- Directed by: Manju Swaraj KR
- Produced by: Lohith H Nanjundaiah
- Starring: Krishna Ajai Rao; Misha Narang;
- Cinematography: Pradeep Padmakumar
- Edited by: Basavaraj Urs
- Music by: B. Ajaneesh Lokanath
- Production company: Rion Creation
- Release date: 20 February 2026 (India);
- Country: India
- Language: Kannada

= Sarala Subbarao =

Indian movie

Sarala Subbarao is a 2026 Indian Kannada-language romantic drama film directed by Manju Swaraj K R and produced by Lohith H. Nanjundaiah under Rion Creations. The film stars Ajai Rao and Misha Narang in the lead roles, alongside Rangayana Raghu, Veena Sunder, Shriraam, and Rishika Naik in supporting roles.

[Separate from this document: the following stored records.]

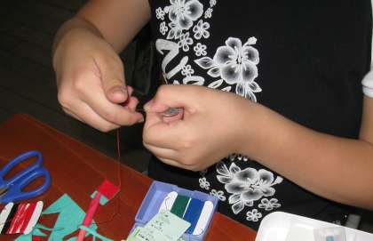 少し慣れてきたので,フェルトやボタンを使って,簡単な小物作りに挑戦しました。5年生の子ども達は,お裁縫が大好きになったようで,丁寧に一生懸命,針を動かしています。学校の授業時間だけでは足りず,自主的にお家で作品作りの続きをやってきた子どももたくさんいました。
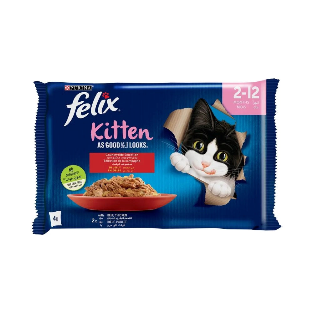 بيورينا فيليكس كونتري سايد طعام رطب للقطط الصغيرة بنكهة اللحم البقري والدجاج 85*4 جرام
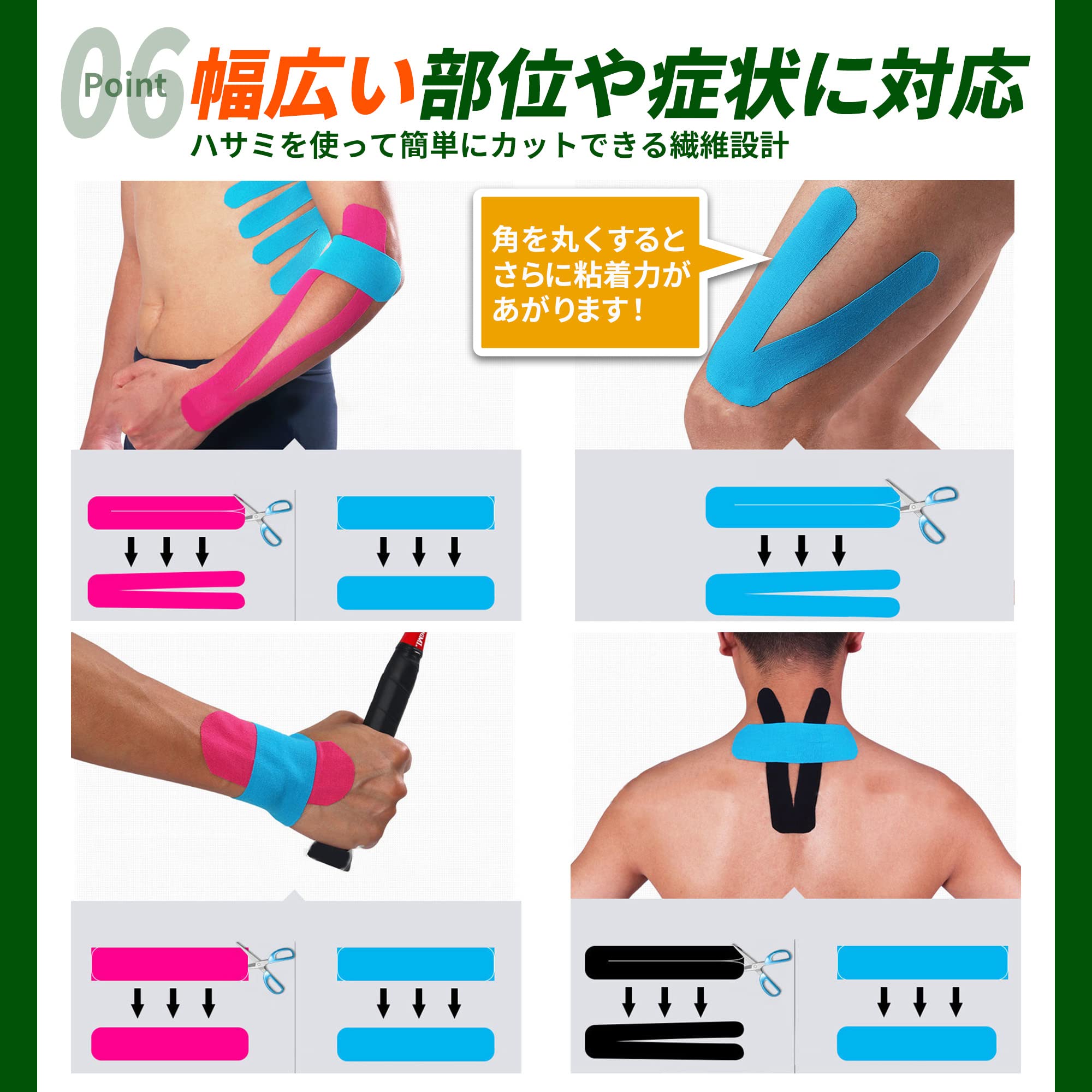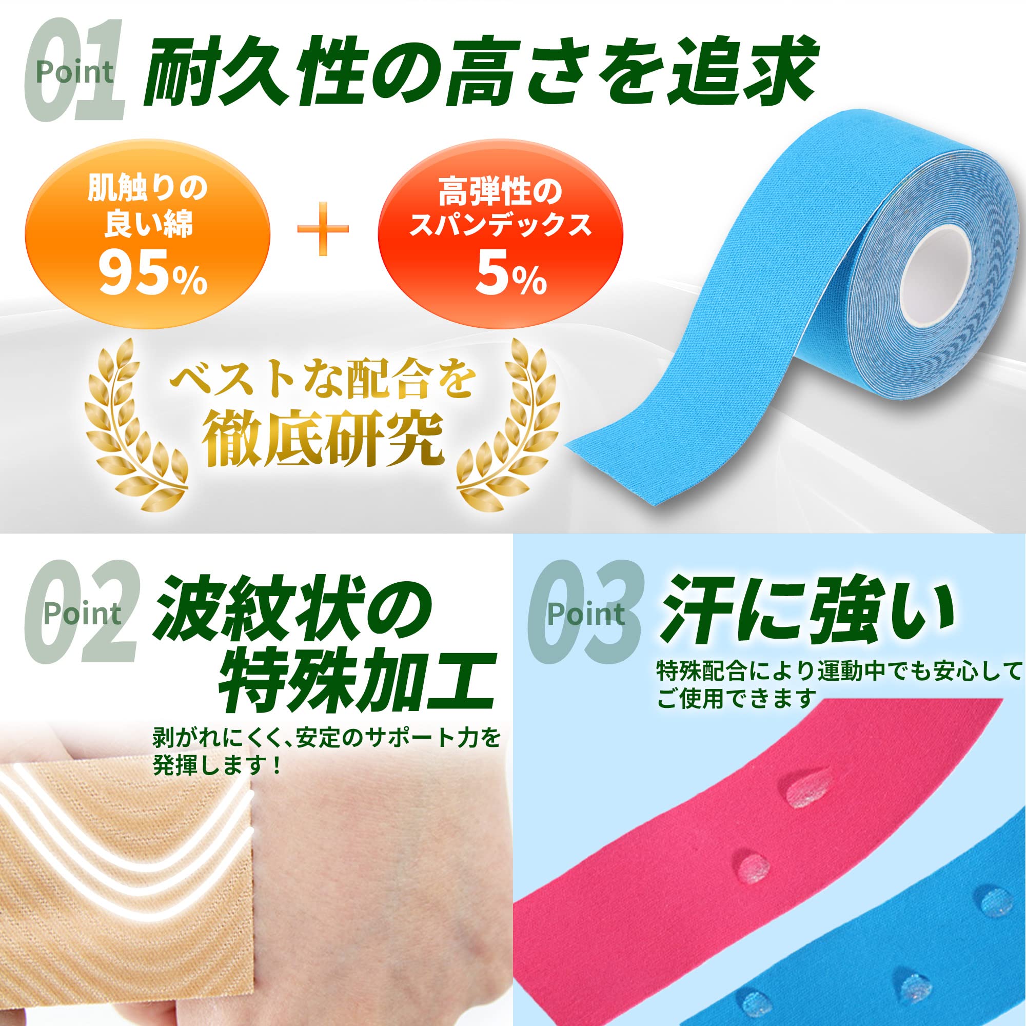 【①汗や水に強い】特殊波紋上の加工によりテープが優しくも確実に肌をとらえて固定できます。【②伸縮性】人間工学に基づきベストな伸縮性を実現、気持ちよくご使用頂けます。

Set in the 1970s in Mysore, the film follows the lives of Sarala and Subbarao as they navigate themes of love, tradition, and aspirations.

== Plot ==
The story portrays the journey of Sarala and Subbarao as they balance love, family responsibilities, and personal aspirations in 1970s Mysore. The narrative reflects the social values of the period, with emphasis on family bonds and traditions.

== Cast ==

- Krishna Ajai Rao as Subbarao
- Misha Narang as Sarala
- Rangayana Raghu as Narasimha Shastry
- Veena Sunder as Lakshmi
- Shriraam as Rajagopal
- Rishika Naik as Devyani

== Production ==
The film is loosely based on the Kannada novel Vasantha Gaana by Triveni(Anasuya Shankar). Director Manju Swaraj explained that while the novel provided a creative base, the screenplay was developed as a fictionalized version tailored for cinema.

Swaraj described the project as an attempt to capture the aesthetics of 1970s Kannada and Indian cinema, with attention to music, costumes, and cultural settings. Actor Ajai Rao called his involvement in the film a "personal and significant project that blends nostalgia with themes of love and family".

== Music ==
The music is composed by Ajaneesh B. Loknath, who also provided the background score. The soundtrack features retro-inspired compositions intended to reflect the 1970s period setting. The first single was released in May 2025.

==Reception==
A Sharadhaa of the Cinema Express said that "By the end, it does not feel like a film you have watched; it feels like you have stepped into someone's preserved memory." Susmita Sameera of The Times of India said that "The film spends considerable time portraying their everyday moments, affectionate exchanges, playful conversations, and shared routines."